> **Exercise requirements**
Exactly as written, write out the lines below from the first to the one containing "這一朵朵粉紅色的荷花,像一位", inclusive. Pictures do not belong in the copy.

> **The records**
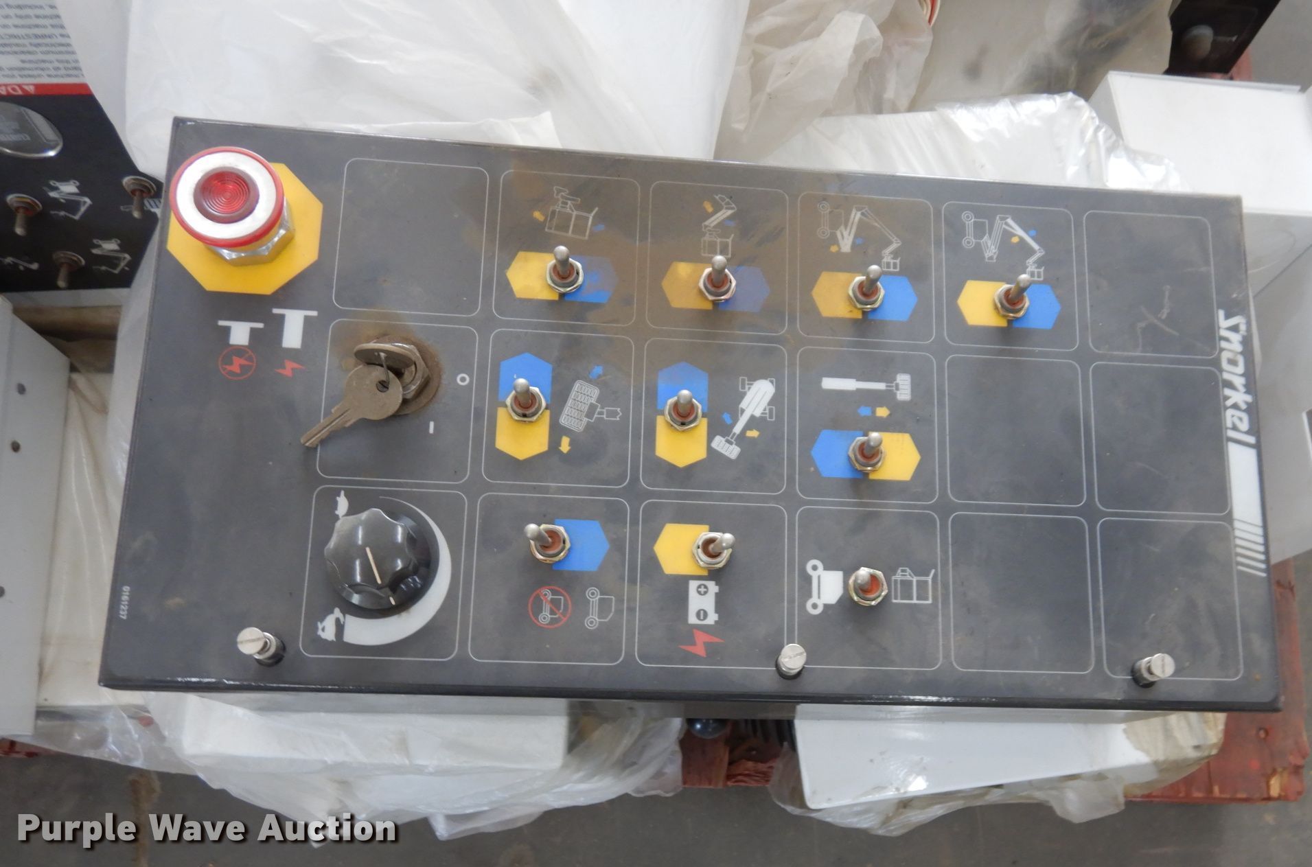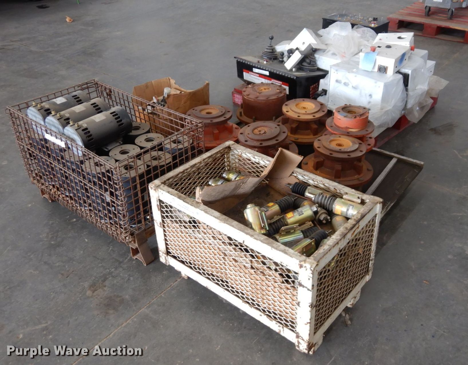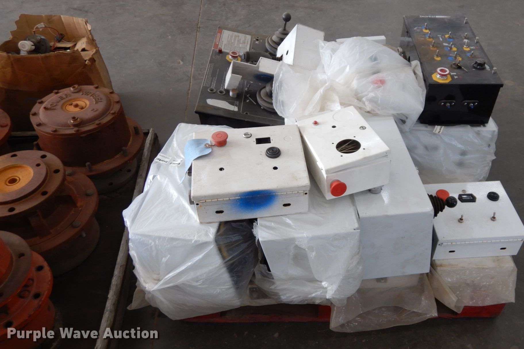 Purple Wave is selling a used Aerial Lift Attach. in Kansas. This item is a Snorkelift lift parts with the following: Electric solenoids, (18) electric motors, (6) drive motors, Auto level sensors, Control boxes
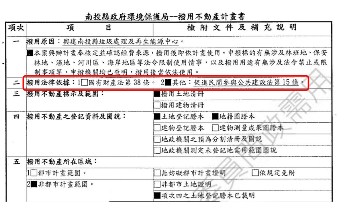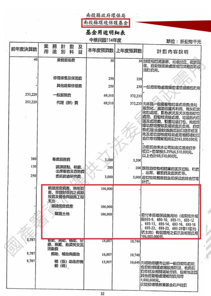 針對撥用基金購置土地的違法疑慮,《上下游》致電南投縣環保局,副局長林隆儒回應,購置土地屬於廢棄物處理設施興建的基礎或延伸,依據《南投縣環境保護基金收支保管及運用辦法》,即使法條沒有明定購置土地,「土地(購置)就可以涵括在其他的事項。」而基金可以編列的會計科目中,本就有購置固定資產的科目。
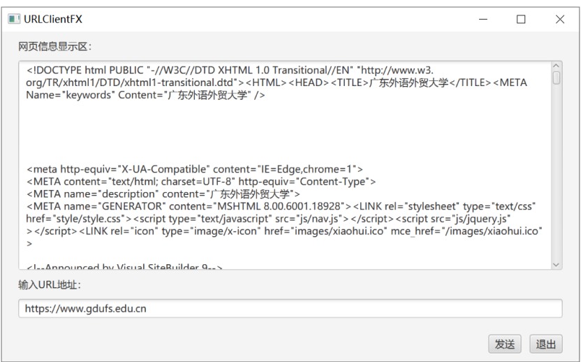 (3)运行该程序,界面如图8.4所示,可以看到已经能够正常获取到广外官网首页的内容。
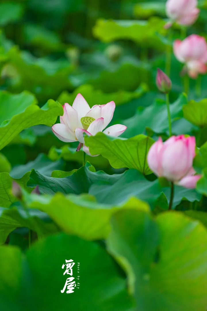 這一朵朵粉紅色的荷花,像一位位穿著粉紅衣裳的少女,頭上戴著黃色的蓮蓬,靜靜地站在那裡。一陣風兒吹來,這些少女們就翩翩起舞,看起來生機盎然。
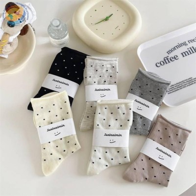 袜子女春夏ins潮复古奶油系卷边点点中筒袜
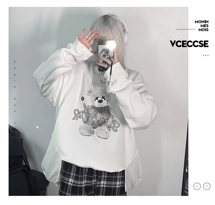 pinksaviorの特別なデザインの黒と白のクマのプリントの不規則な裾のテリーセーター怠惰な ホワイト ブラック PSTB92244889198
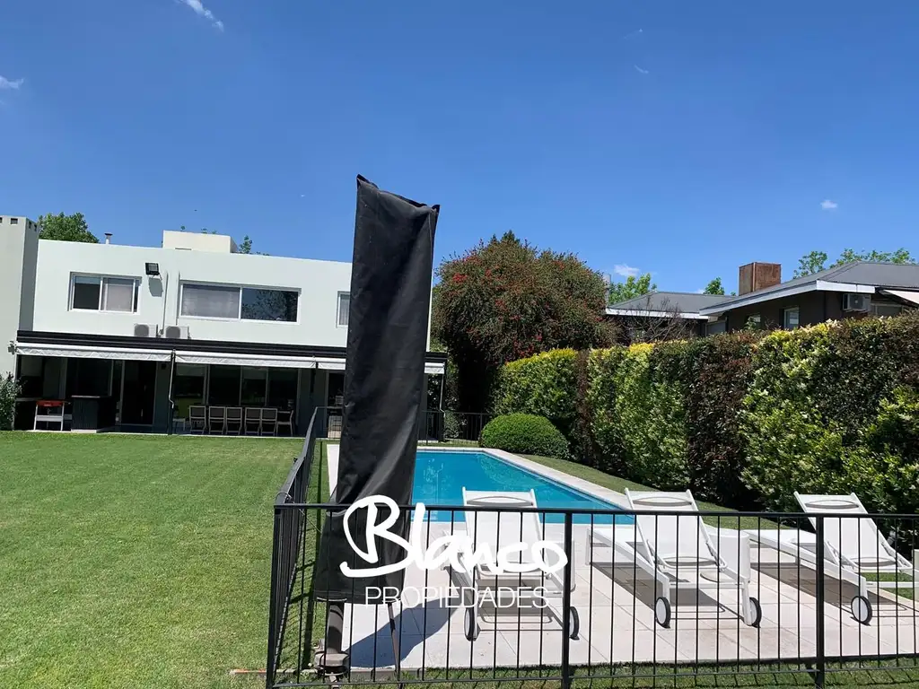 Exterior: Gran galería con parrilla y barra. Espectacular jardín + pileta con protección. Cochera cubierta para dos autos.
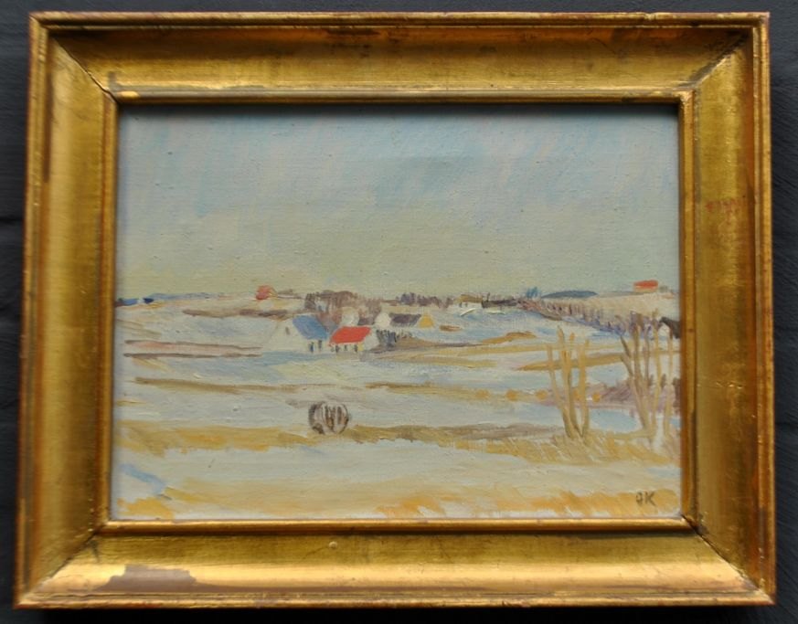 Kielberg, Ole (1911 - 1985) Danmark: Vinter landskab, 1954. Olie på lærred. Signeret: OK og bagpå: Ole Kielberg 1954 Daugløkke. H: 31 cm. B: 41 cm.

> **Response for this exercise**
 Purple Wave is selling a used Aerial Lift Attach. in Kansas. This item is a Snorkelift lift parts with the following: Electric solenoids, (18) electric motors, (6) drive motors, Auto level sensors, Control boxes
 針對撥用基金購置土地的違法疑慮,《上下游》致電南投縣環保局,副局長林隆儒回應,購置土地屬於廢棄物處理設施興建的基礎或延伸,依據《南投縣環境保護基金收支保管及運用辦法》,即使法條沒有明定購置土地,「土地(購置)就可以涵括在其他的事項。」而基金可以編列的會計科目中,本就有購置固定資產的科目。
 (3)运行该程序,界面如图8.4所示,可以看到已经能够正常获取到广外官网首页的内容。
 這一朵朵粉紅色的荷花,像一位位穿著粉紅衣裳的少女,頭上戴著黃色的蓮蓬,靜靜地站在那裡。一陣風兒吹來,這些少女們就翩翩起舞,看起來生機盎然。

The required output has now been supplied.